Recent work with collaborators includes generalizations to information structures with multiple agents and time delays. The results were also extended to finding optimally robust decentralized controllers by using a risk-averse cost function. As information constraints are a key feature of large-scale systems, understanding them from a theoretical perspective is essential. Now that we have a better understanding of the role of information structures in optimal control, the next step is to explore how these ideas can be scaled to large systems. In particular, we want to design modular controllers that are locally implementable.
Control of ground-based telescopes
(with: D. MacMynowski, M. West, S. Lall, and others)
Large ground-based telescopes use adaptive optics (AO) technology to mitigate atmospheric distortion.

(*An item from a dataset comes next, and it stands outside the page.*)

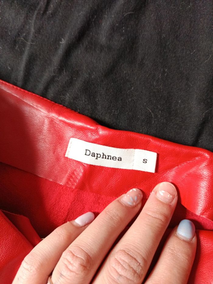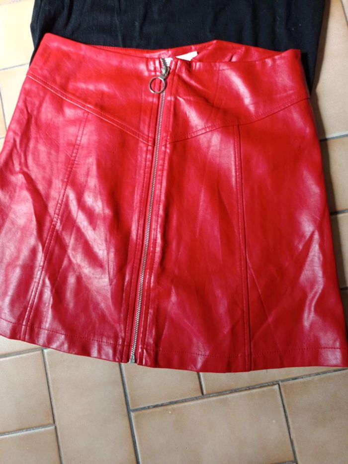 Mini jupe simili rouge + tee shirt accordé taille S le tee shirt et en taille M mais équivaut a un S

This works surprisingly well but requires 100s or 1000s of sensors and individually actuated mirrors. AO control is computationally demanding and does not scale well to future larger telescopes. We designed algorithms for AO that scale much better than conventional techniques without compromising image quality. [more]

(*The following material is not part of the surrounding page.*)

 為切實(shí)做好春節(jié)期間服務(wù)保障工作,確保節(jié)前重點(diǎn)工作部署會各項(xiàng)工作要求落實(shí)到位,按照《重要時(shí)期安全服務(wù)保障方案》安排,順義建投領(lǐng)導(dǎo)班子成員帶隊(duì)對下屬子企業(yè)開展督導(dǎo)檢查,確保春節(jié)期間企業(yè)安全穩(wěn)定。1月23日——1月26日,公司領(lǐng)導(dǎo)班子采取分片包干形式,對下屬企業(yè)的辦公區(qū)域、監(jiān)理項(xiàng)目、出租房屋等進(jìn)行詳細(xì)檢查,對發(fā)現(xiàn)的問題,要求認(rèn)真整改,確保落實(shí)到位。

We developed efficient and scalable algorithms for adaptive optics, a technology used in all major ground-based telescopes. Roughly speaking, a deformable mirror changes shape in order to provide real-time corrections to cancel atmospheric distortions. Feedback is provided by a sensor array that measures local gradients of the incoming wavefront. A key feature of our estimation algorithm was the use of multigrid, a scalable technique common in computational fluid dynamics, but used here in a feedback setting. We tested our algorithms at the Palomar Observatory in Southern California. Their 5.1-meter telescope has 241 actuators, 512 sensors, and operates in the 1–2 kHz range. Our estimators had performance indistinguishable from that of Palomar’s default estimator, and benefited from a factor of 17 savings in computation.

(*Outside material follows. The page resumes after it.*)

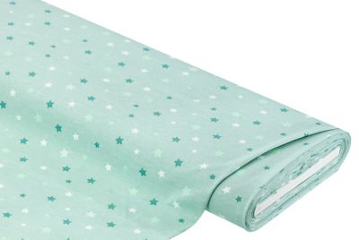 Baumwolljersey "Sterne", Farbe: aqua-color, leicht bi-elastisch, Motivgrösse Sterne: ca. 1–1,5 cm, Breite: 160 cm, Gewicht: ca. 160 g/m². Einlaufwert: 3–5 % in Länge und Breite. Material: 100 % Baumwolle.

The Palomar Observatory recently installed a new 3000-actuator deformable mirror, and we are looking forward to testing our algorithms on this more complex system. Based on our estimates, the computational savings of using our method on this more complex system will be a factor of roughly 220. For future large telescopes, the projected computational savings is even larger. The multigrid-based architecture that we developed for wavefront estimation could in principle be adapted to other large-scale systems such as distributed sensor networks or other systems with a mesh-like topology. The recurring challenge, which ties in with my main research thrust, is to build a bridge between highly scalable optimization algorithms and control systems theory.